:: EXERCISE INPUT ::
=-=-=-=-=

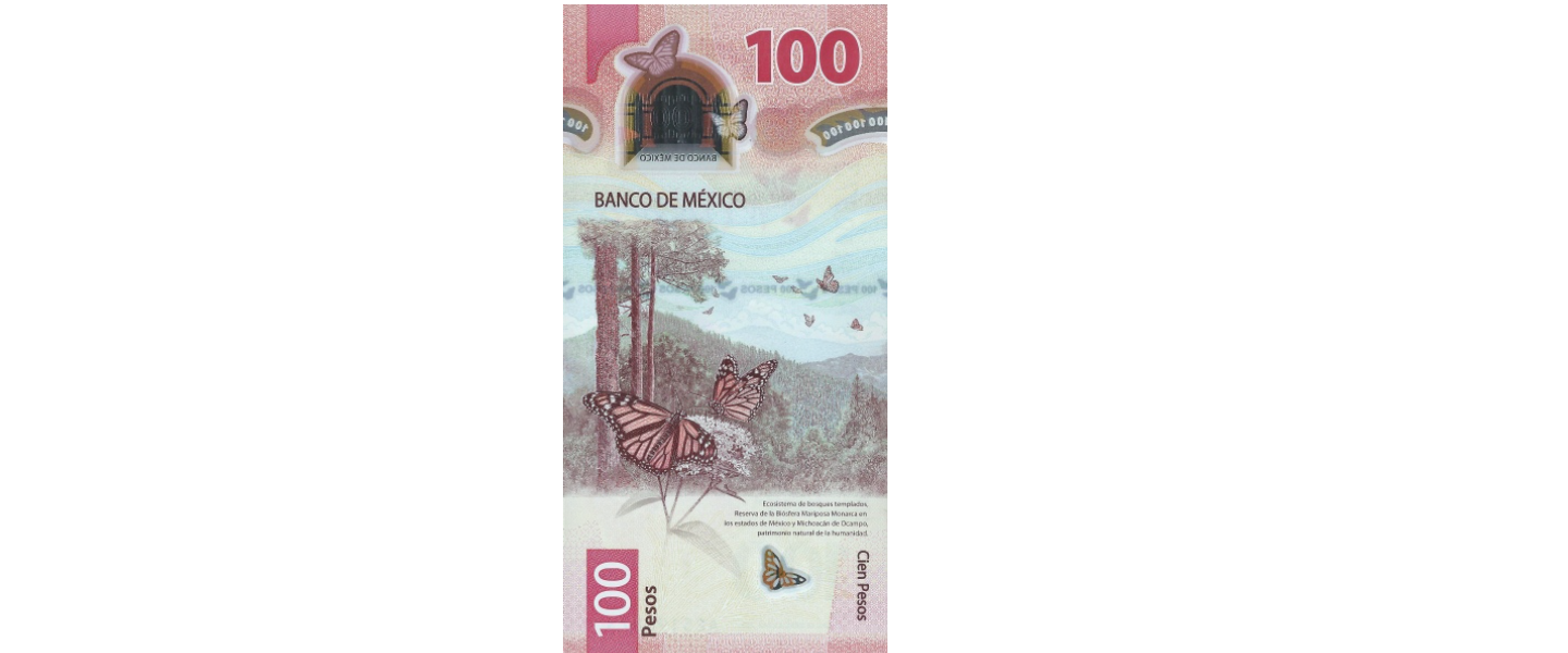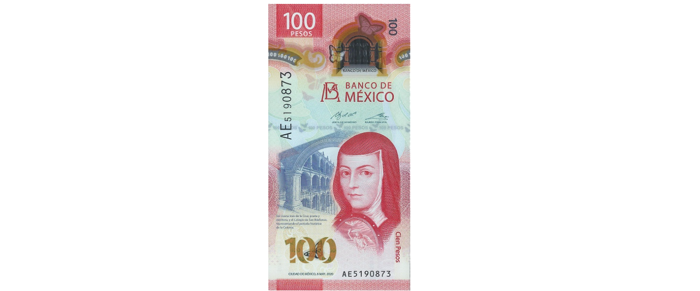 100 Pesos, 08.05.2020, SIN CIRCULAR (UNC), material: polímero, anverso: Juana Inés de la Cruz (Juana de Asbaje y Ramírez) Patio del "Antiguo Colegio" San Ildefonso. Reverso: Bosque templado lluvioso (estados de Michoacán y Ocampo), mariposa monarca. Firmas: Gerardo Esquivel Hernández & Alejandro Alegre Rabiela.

=-=-=-=-=

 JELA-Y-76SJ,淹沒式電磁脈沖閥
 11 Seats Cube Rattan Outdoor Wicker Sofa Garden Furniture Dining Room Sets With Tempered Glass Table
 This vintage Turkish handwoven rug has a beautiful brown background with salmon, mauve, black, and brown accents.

=-=-=-=-=

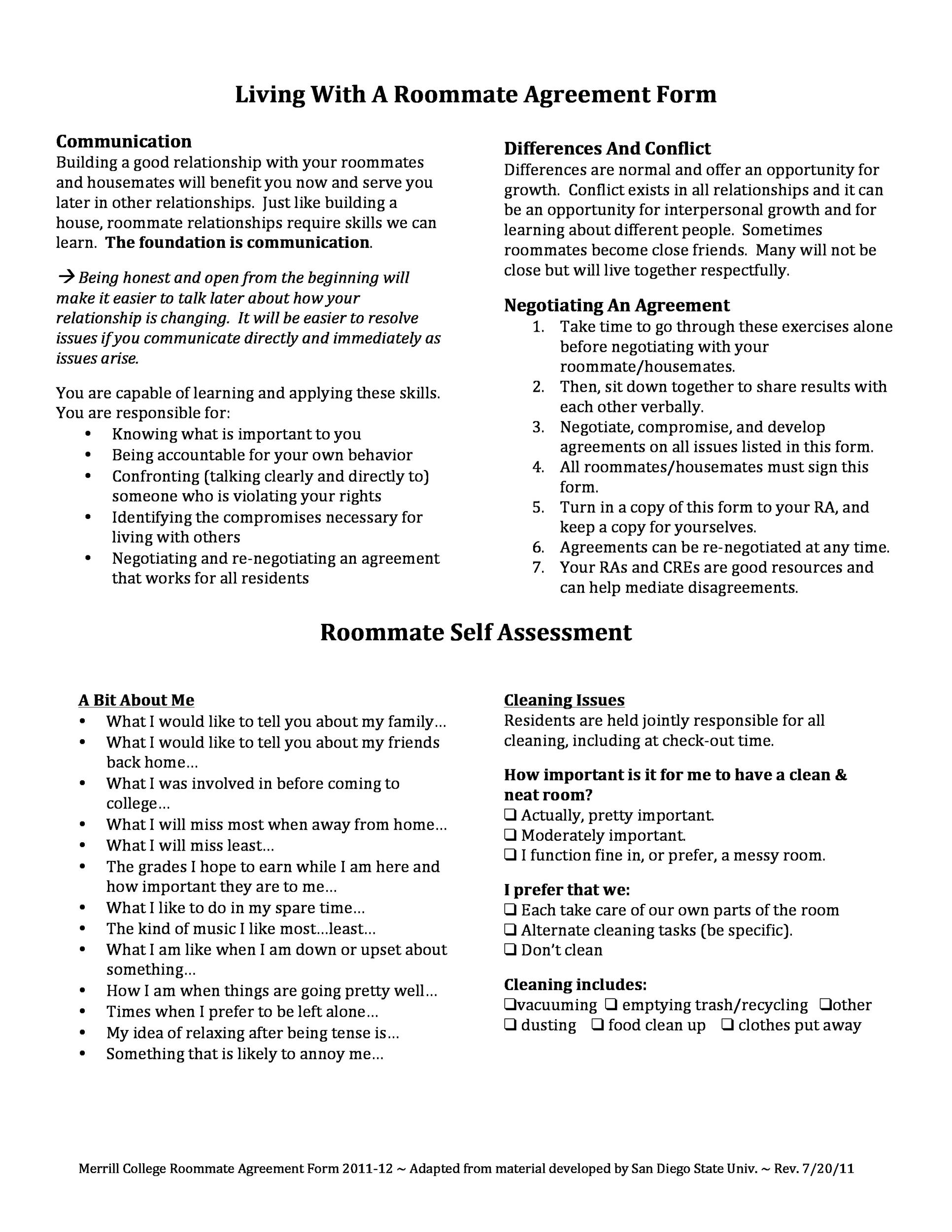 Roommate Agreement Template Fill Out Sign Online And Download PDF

=-=-=-=-=

:: YOUR INSTRUCTIONS ::
Please reproduce exactly the lines in the listing above from the one containing "11 Seats Cube" through the one containing "This vintage Turkish", both included, and nothing more.

:: REPLY ::
 11 Seats Cube Rattan Outdoor Wicker Sofa Garden Furniture Dining Room Sets With Tempered Glass Table
 This vintage Turkish handwoven rug has a beautiful brown background with salmon, mauve, black, and brown accents.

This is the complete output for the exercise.